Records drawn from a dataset
=== Section Start ===
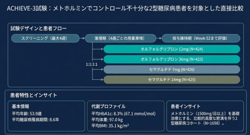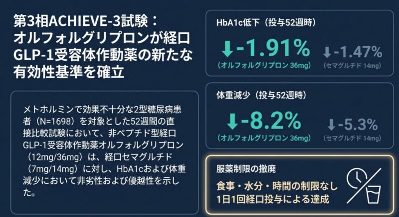 経口GLP-1受容体作動薬オルフォルグリプロンの有効性と安全性:2型糖尿病患者を対象としたACHIEVE-3試験の結果
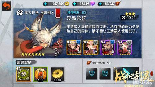 关卡:浮岛总舵8,推荐等级83副本卡牌星级7颗星,单次消耗体力为12点。本关卡看似玉清散人坐镇难度非常的大,但是讲究技巧,使用一定的小窍门3星评价还是较为容易的,通关奖励:高级心法(卡牌心法升级所需材料)90卡牌升级经验/500金币。
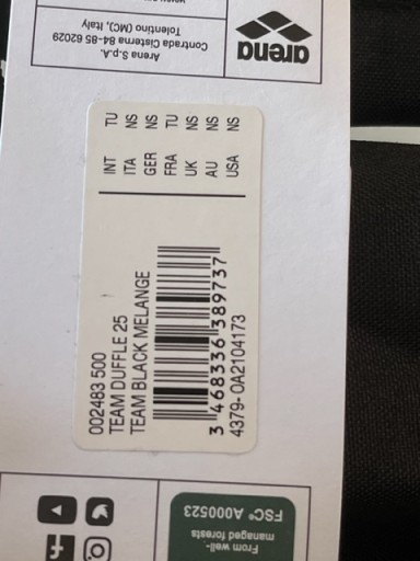 ARENA TEAM DUFFLE 25
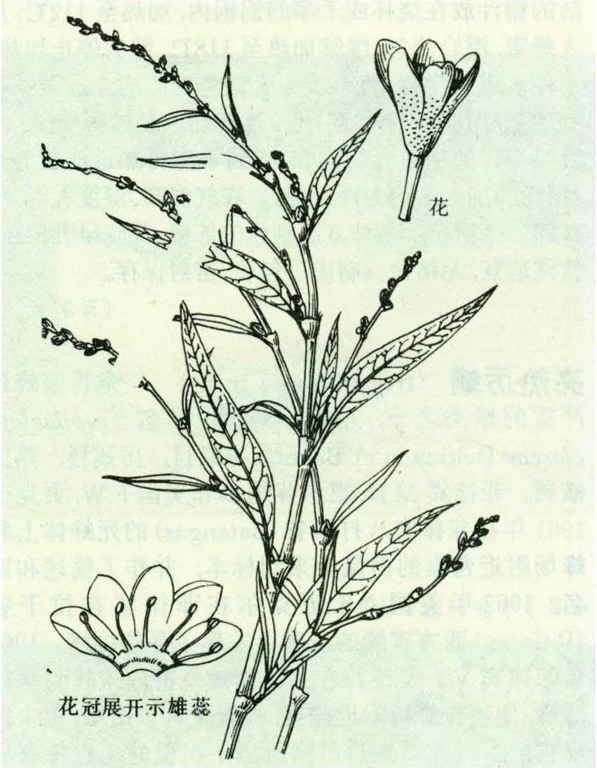 别名辣蓼。水湿地秋季杂草蜜源植物。一年生草本,高40~80厘米,叶披针形,花序穗状,花淡红色。(见图)
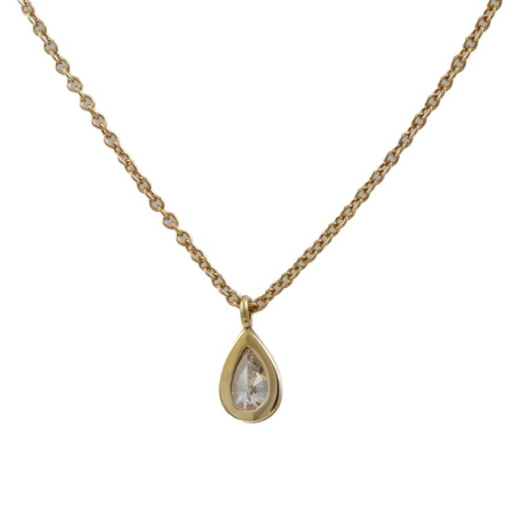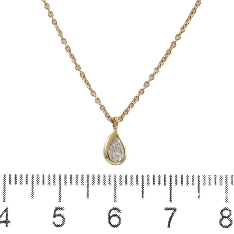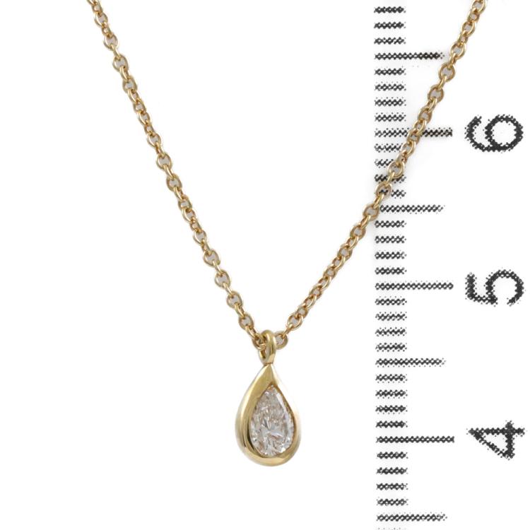 Tiffany & Co Elsa Peretti Diamond By The Yard Diamond necklace with a pear shape Natural Diamond of approximately 0.31ct (Estimated grading: H VS). 18ct yellow gold with Tiffany & Co. 18ct yellow gold chain. Length: 41.0cm. Weight: 2.0. With Tiffany & Co Box (Pre-owned)
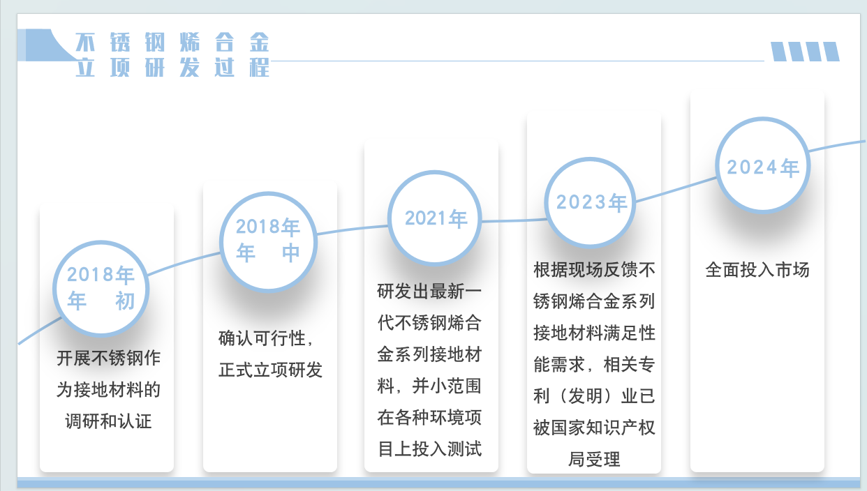 采用外層0.7mm不銹鋼(標(biāo)號(hào)根據(jù)使用環(huán)境選擇)經(jīng)過(guò)石墨烯專(zhuān)有配方處理后包覆高導(dǎo)性的合金材(合金材表層也經(jīng)過(guò)石墨烯專(zhuān)有配方的涂層處理)經(jīng)過(guò)激光焊、拉拔、退火再拉拔、再退火形成的一種導(dǎo)電性?xún)?yōu)越、耐腐蝕能力強(qiáng)的一種新型接地材料。
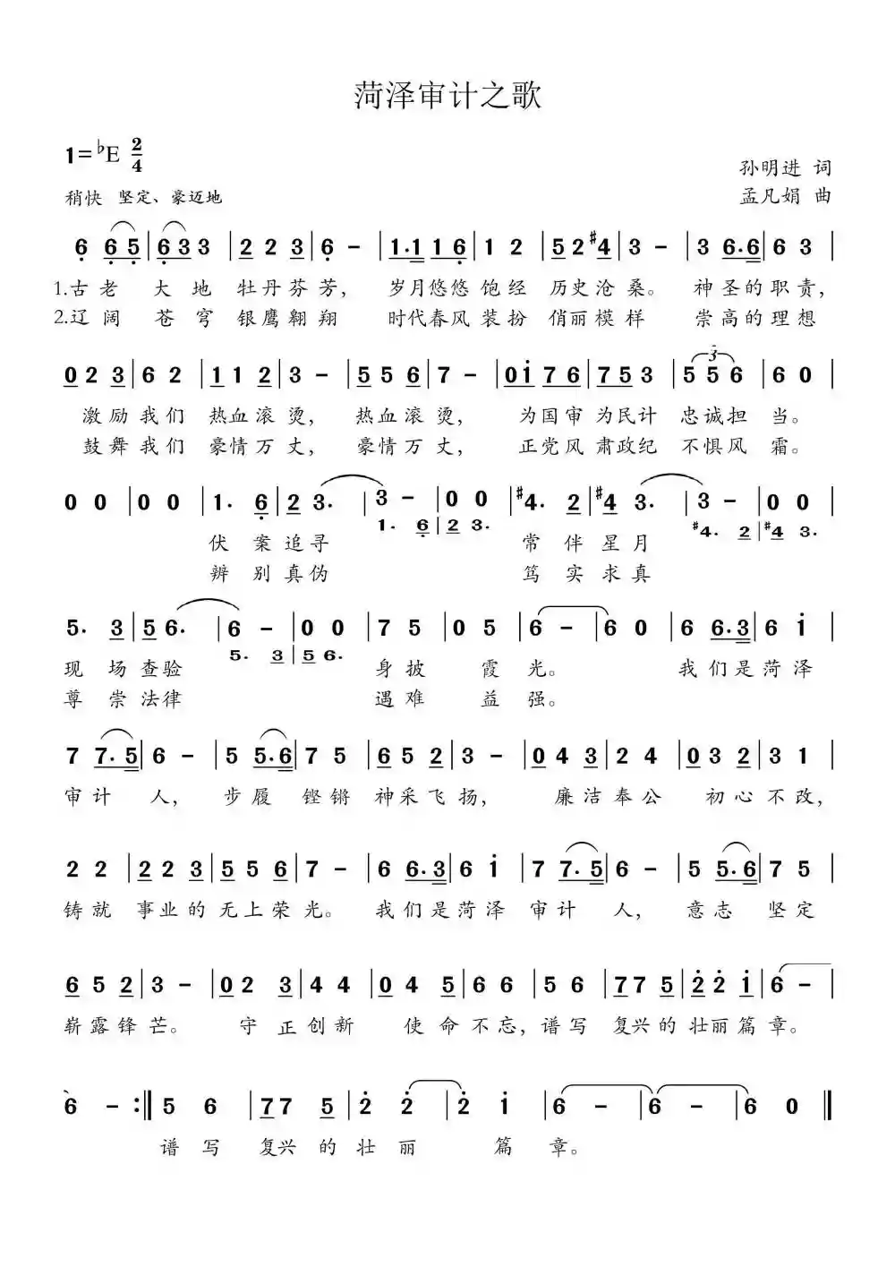 二、审计之歌的词作者是东明县审计的干部孙明进,曲作者是曲孟凡娟是菏泽学院音乐与舞蹈学院音乐表演系主任孟凡娟。
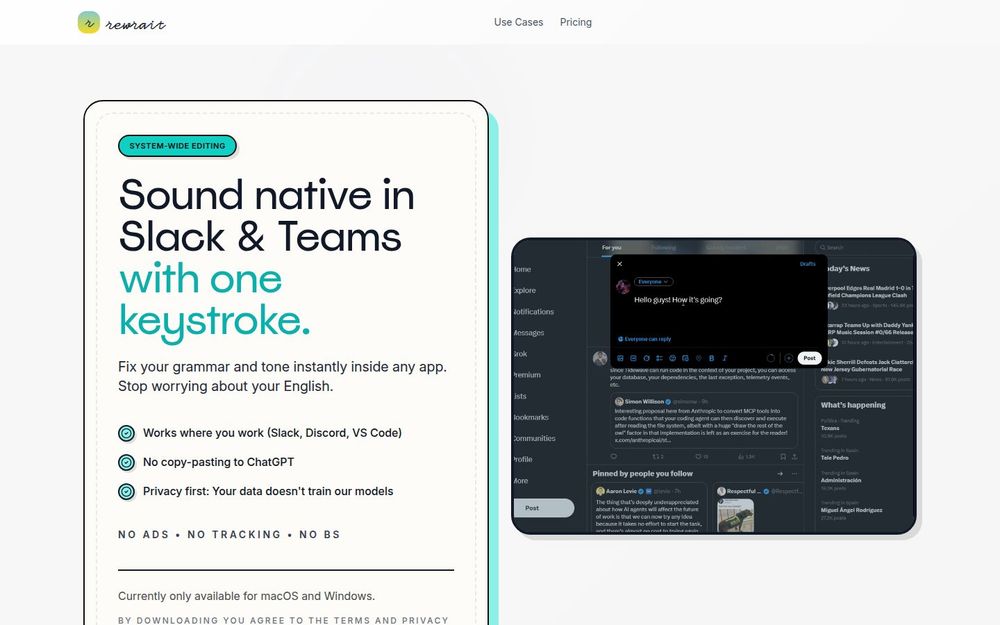 如果你经常在多个桌面应用间写作、需要快速把草稿变成可发布的文本,或在意内容隐私与企业合规,Rewrait 是一个值得尝试的选择。它通过原地增强的使用模式显著节省时间,提供灵活的自定义与企业级隐私控制,适合非母语写作者、产品与营销团队、以及追求高效写作流程的职业人士。
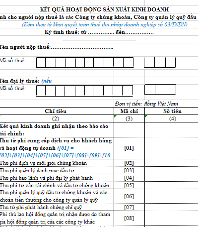 Dành cho người nộp thuế là các Công ty chứng khoán, Công ty quản lý quỹ đầu tư chứng khoán | |||||||
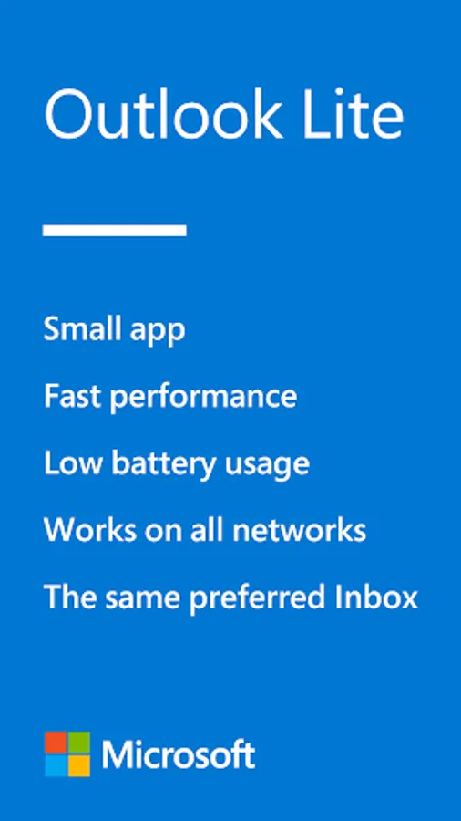 The ultimate email app, designed for your phone. Microsoft Outlook Lite helps you manage your inbox by bringing all your favorite email, calendar and contacts functionalities together. Enjoy enhanced performance and lightning speed with Microsoft Outlook Lite, now optimized for low-resource phones.
=== Section End ===
- Exercise aim: Your copy should hold the lines from the one with "如果你经常在多个桌面应用间写" up to and including the one with "Dành cho người", exactly as in the data above, and no pictures.

- Answer area:
 如果你经常在多个桌面应用间写作、需要快速把草稿变成可发布的文本,或在意内容隐私与企业合规,Rewrait 是一个值得尝试的选择。它通过原地增强的使用模式显著节省时间,提供灵活的自定义与企业级隐私控制,适合非母语写作者、产品与营销团队、以及追求高效写作流程的职业人士。
 Dành cho người nộp thuế là các Công ty chứng khoán, Công ty quản lý quỹ đầu tư chứng khoán | |||||||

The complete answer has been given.